Heterogeneous catalysts have been widely in use for air pollution abatement for decades, most commonly as catalytic converters in internal combustion engine vehicles. Nevertheless, applications of catalysis in air treatment, beyond regulated pollution abatement, have become increasingly limited due to the significant use of scarce platinum group metals (PGMs) and the high energy cost associated with maintaining elevated temperatures required for catalysis. Yet, catalysts hold great promise for broader air purification applications, including indoor air purification, if they could overcome issues related to their price, stability, and operating costs.

Boston-based start-up, Metalmark Innovations, Inc., is developing and commercializing a new approach for producing heterogeneous catalysts from the nanoscale up, with funding from the National Science Foundation (NSF). The catalyst material forms the basis of Metalmark’s new air purification system to remove and destroy a broad spectrum of organic pollutants, such as pathogens and wildfire smoke particulates, to deliver cleaner air.


▲ The Metalmark process uses low-cost, colloidal assembly-based techniques to create highly porous ordered catalytic arrays, with active metal nanoparticles (MNPs, e.g., Pt, Pd) positioned precisely at the pore-matrix interface. Such novel catalytic structures can be created on a variety of substrates.

The novel, bioinspired catalyst material preparation is driven by a colloidal self-assembly process, in which templating colloidal particles (of a few nanometers to several micrometers in size) are decorated with catalytic nanoparticles to form 3D nanostructured frameworks. The subsequent removal of the colloidal particles results in a porous network of metal oxides that features high surface area as well as excellent distribution and retention of catalytic nanoparticles. The catalytic nanoparticles may be made of platinum, palladium, gold, silver, or virtually any other stable metallic or nonmetallic particles.

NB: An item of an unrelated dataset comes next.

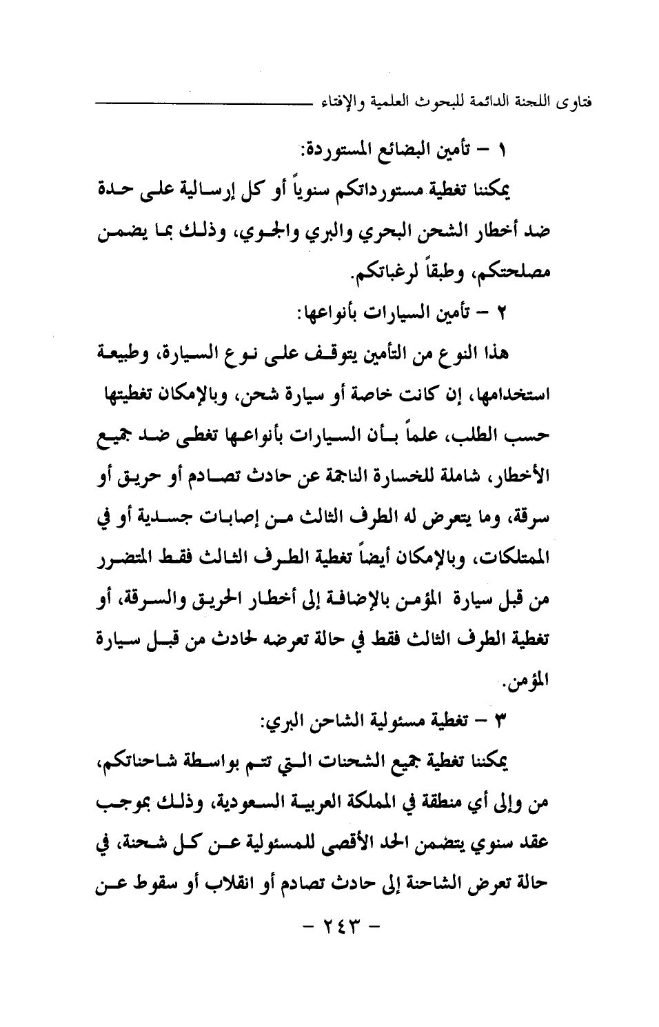 1 - تأمين البضائع المستوردة: يمكننا تغطية مستورداتكم سنويا أو كل إرسالية على حدة ضد أخطار الشحن البحري والبري والجوي، وذلك بما يضمن مصلحتكم، وطبقا لرغباتكم. تأمين السيارات بأنواعها: هذا النوع من التأمين يتوقف على نوع السيارة وطبيعة استخدامها، إن كانت خاصة أو سيارة شحن، وبالإمكان تغطيتها حسب الطلب، علما بأن السيارات بأنواعها تغطى ضد جميع الأخطار، شاملة للخسارة الناجمة عن حادث تصادم أو حريق أو سرقة، وما يتعرض له الطرف الثالث من إصابات جسدية أو في الممتلكات، وبالإمكان أيضا تغطية الطرف الثالث فقط المتضرر من قبل سيارة المؤمن بالإضافة إلى أخطار الحريق والسرقة، أو تغطية الطرف الثالث فقط في حالة تعرضه لحادث من قبل سيارة المؤمن. 3- تغطية مسئولية الشاحن البري: يمكننا تغطية جميع الشحنات التي تتم بواسطة شاحناتكم، من وإلى أي منطقة في المملكة العربية السعودية وذلك بموجب عقد سنوي يتضمن الحد الأقصى للمسئولية عن كل شحنة، في حالة تعرض الشاحنة إلى حادث تصادم أو انقلاب أو سقوط عن
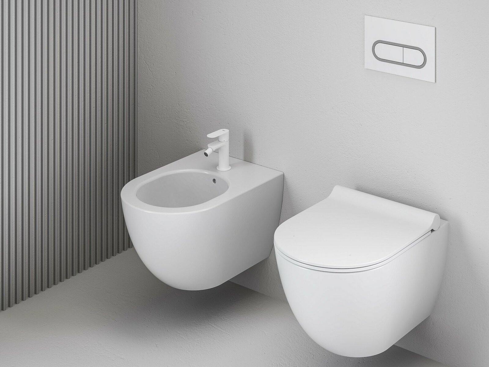 Stojánková bidetová baterie Eleganta, bez výpusti. V provedení White Velvet. Zapuštěný perlátor s funkcí EcoFlow.- výška baterie: 128 mm

Owing to the material’s high surface area and easily accessible nanoparticles, the novel catalyst has been shown to achieve the following when compared with relevant commercially available catalysts: lower reaction initiation temperatures (by 20–100°C); reduction in the overall amount of the PGMs (up to 95%) required to support a similar performance; and complete oxidation of volatile organic compounds (VOCs). Furthermore, by anchoring nanoparticles within the metal oxide framework, the material substantially improves stability and durability against agglomeration even under harsh operating conditions (>850°C). The highly modular approach also enables mixing and matching of a variety of material combinations, leading to a large design space for targeting various airborne organic pollutants simultaneously.

Together, these features make the material relevant for improving general air quality. Submicron particles make up the vast majority of indoor air particles, including viral aerosols emitted by infected individuals. Similarly, over 90% of wildfire smoke particulates are submicron.

Leveraging Metalmark’s materials platform, the catalyst’s nanostructure can be designed to effectively target the removal of submicron pollutants and pathogens. The material has been demonstrated to achieve over 99.99% reduction of airborne viral and bacterial pathogens when applied as a coating on complementary filter substrates. Elevating the temperature within the air purification system activates the embedded catalysts to inactivate pathogens and completely destroy arrested particulates without the generation of byproducts such as VOCs, ozone, or ions. In addition, the air purification system offers a lifetime of up to 10 times longer than comparable commercial filters and sorbents, with an expected total cost of ownership much lower than the current state of the art.

The start-up is scaling their system from an air purification pilot testbed to a full-scale commercial design capable of treating a space up to a 1,000 ft2 per purification unit. Integration into HVAC systems is also possible with some system modifications. Metalmark targets product launch in 2022.

This technology was funded through the NSF Small Business Innovation Research Program.

This article was prepared by the National Science Foundation in partnership with CEP.